_Given data:_
----

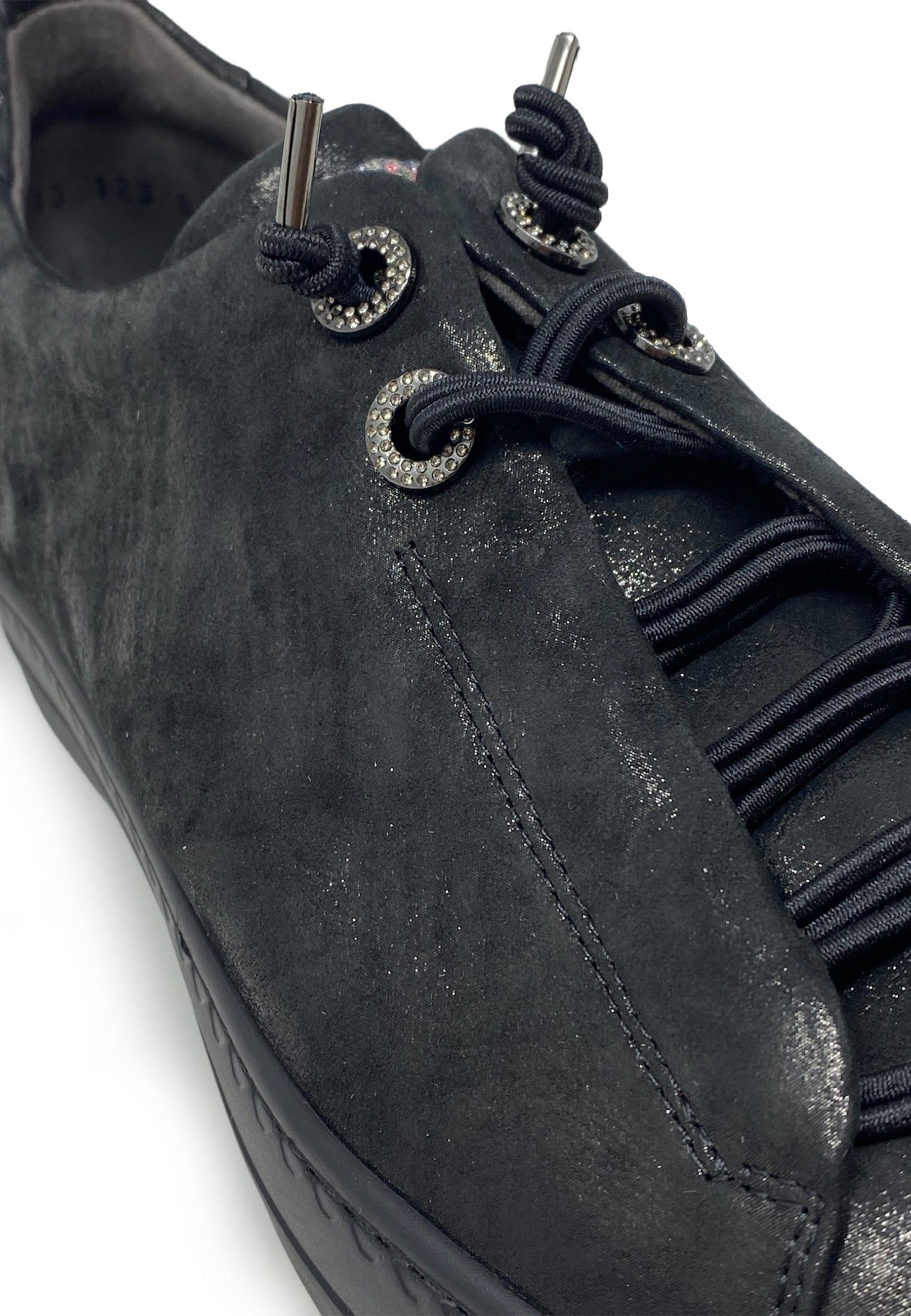 Der 5417 Sneaker von Paul Green in Black Glossy ist ein echter Hingucker für alle, die es stilvoll und bequem mögen. Das schimmernde Glattleder verleiht dem sportlich-eleganten Design eine edle Tiefe, während die funkelnden Ösen mit Kristallbesatz für ein charmantes Detail sorgen ✨. Die breite Gummisohle mit dezentem Plateau rundet das Design perfekt ab und schenkt dir einen kleinen Extra-Boost – optisch wie auch beim Komfort. Dank der elastischen Schnürung sitzt der Schuh wie angegossen und lässt sich ganz easy an- und ausziehen. Ob zur Jeans oder zum Kleid: Dieser Sneaker bringt Glanz in deinen Alltag und passt sich deinem Look mit spielerischer Leichtigkeit an 😍. Ein modischer Mix aus Glamour und Lässigkeit – genau wie du!
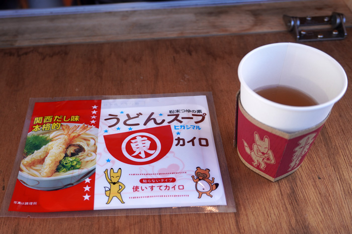 さらに会場6階の「おもはらの森」では、1月10日~12日と1月17日~18日の計5日間、1日4回にわけて「うどんスープ試飲およびカイロ配布イベント」を実施。温かい「うどんスープ」をオリジナルカイロをつけてプレゼント。寒さも手伝い初日の10日にはオープン前から長蛇の列ができ、1日1,000杯のうどんスープは数十分で配り終えた。会場の屋上テラスには椅子とテーブルが配置され、家族連れやカップルなどで賑わい、スープカップに印刷されたキャラクターをスマホで撮影する女性ファンもあった。
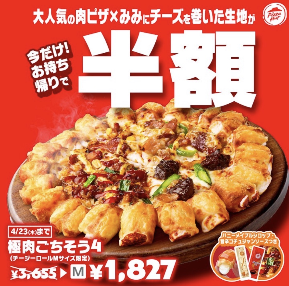 ピザハットのごちそう4半額として実際に狙うべきなのは、「極肉ごちそう4(チージーロール)」のお持ち帰り半額です。価格は通常3,655円が1,827円、期間は2026年4月23日までの13日間限定で、Mサイズ・チージーロール生地限定という条件付きです。条件を外すと同じ価格にはならないので、注文時は受取方法、サイズ、生地の3点を先に確認してください。肉系4種をまとめて試したいなら、かなりわかりやすいキャンペーンです。

----

_What you should do:_
Starting at the line that holds "さらに会場6階の「おもはらの", copy each line exactly through the end of the listing, both ends included. Leave the pictures out.

_Solution:_
 さらに会場6階の「おもはらの森」では、1月10日~12日と1月17日~18日の計5日間、1日4回にわけて「うどんスープ試飲およびカイロ配布イベント」を実施。温かい「うどんスープ」をオリジナルカイロをつけてプレゼント。寒さも手伝い初日の10日にはオープン前から長蛇の列ができ、1日1,000杯のうどんスープは数十分で配り終えた。会場の屋上テラスには椅子とテーブルが配置され、家族連れやカップルなどで賑わい、スープカップに印刷されたキャラクターをスマホで撮影する女性ファンもあった。
 ピザハットのごちそう4半額として実際に狙うべきなのは、「極肉ごちそう4(チージーロール)」のお持ち帰り半額です。価格は通常3,655円が1,827円、期間は2026年4月23日までの13日間限定で、Mサイズ・チージーロール生地限定という条件付きです。条件を外すと同じ価格にはならないので、注文時は受取方法、サイズ、生地の3点を先に確認してください。肉系4種をまとめて試したいなら、かなりわかりやすいキャンペーンです。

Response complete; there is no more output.